For anyone that trains mma, looking for advice on buying a half decent set of gloves for sparring. Gonna be sparring twice a week. Just clueless with what to buy


----------



## VeNuM (Aug 14, 2011)

I own a pair of these

http://compare.ebay.co.uk/like/250992840223?var=lv&ltyp=AllFixedPriceItemTypes&var=sbar&adtype=pla

Sexual, and well made, all the other pais ive had fall apart to easy


----------



## Hendrix (Sep 16, 2009)

http://www.ebay.co.uk/itm/LARGE-RDX-Grappling-Gloves-MMA-UFC-Boxing-Cage-NHB-BJJ-/380170867898?pt=UK_SportingGoods_Boxing_RL&hash=item5883f314ba

I have a pair of these, I use for bag work cardio.


----------



## jazzmc (Oct 14, 2011)

Couple of Guys at the training have RDX gloves,going to get some for myself as they look good quality plus look smart


----------



## teflondon (Aug 24, 2011)

Tempted to go with the rdx if they r decent. Don't wanna splash out big money just yet on dearer ones just for sparring.
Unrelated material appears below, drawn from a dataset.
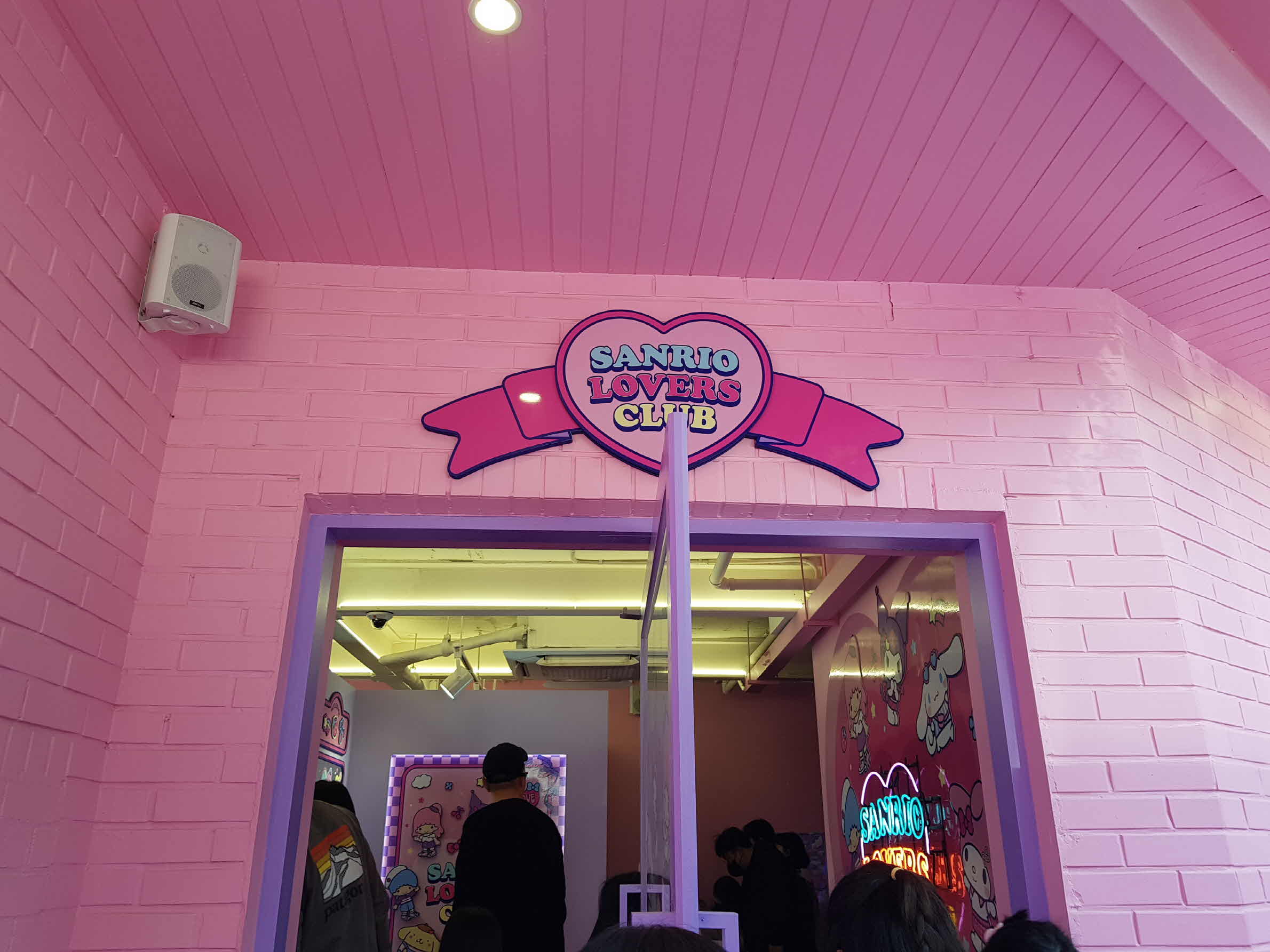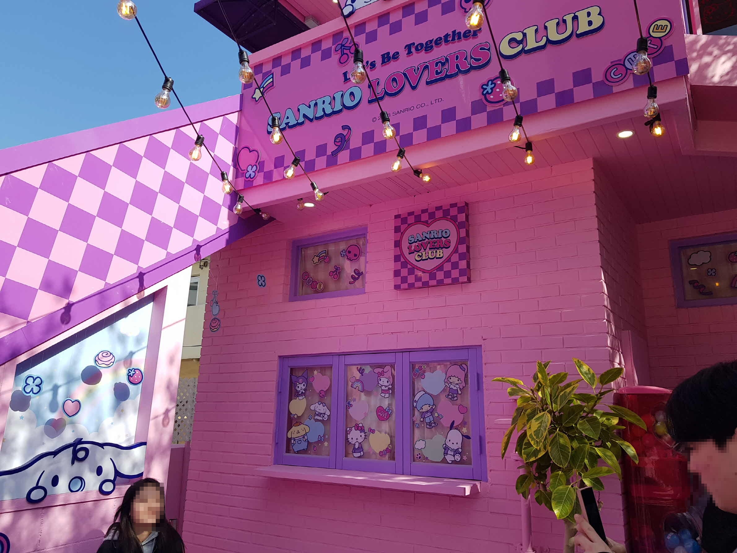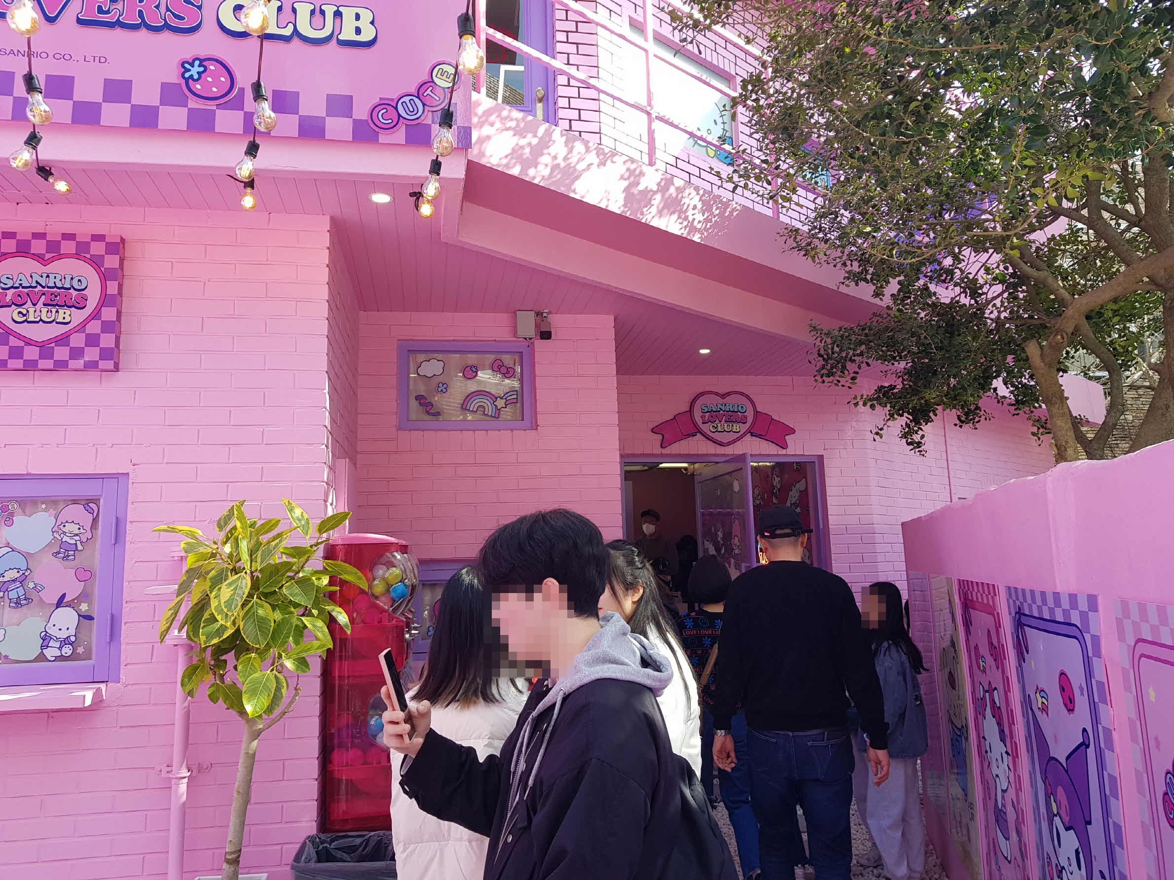 주차를 하고 산리오 러버스 클럽을 찾아 걸었다. 도로 안쪽으로 눈에 확 띄는 핑크색 건물이 보이고 사람들이 많이 몰려있는 모습도 보인다.

As I've only done mma since january


----------



## Uk_mb (Feb 18, 2011)

VeNuM said:


> I own a pair of these
> 
> http://compare.ebay.co.uk/like/250992840223?var=lv<yp=AllFixedPriceItemTypes&var=sbar&adtype=pla
> 
> Sexual, and well made, all the other pais ive had fall apart to easy


wow, they are sexual !


----------



## teflondon (Aug 24, 2011)

Uk_mb said:


> wow, they are sexual !


I'll second that. The brazil ones r amazing looking too. Thinking of maybe the ice White version @ 30 quid. Between them and rdx @ 22. R they worth the difference


----------



## DazG (Aug 3, 2012)

You wanna get some mma sparring gloves where your fingers pop out so you can grapple and roll in them


----------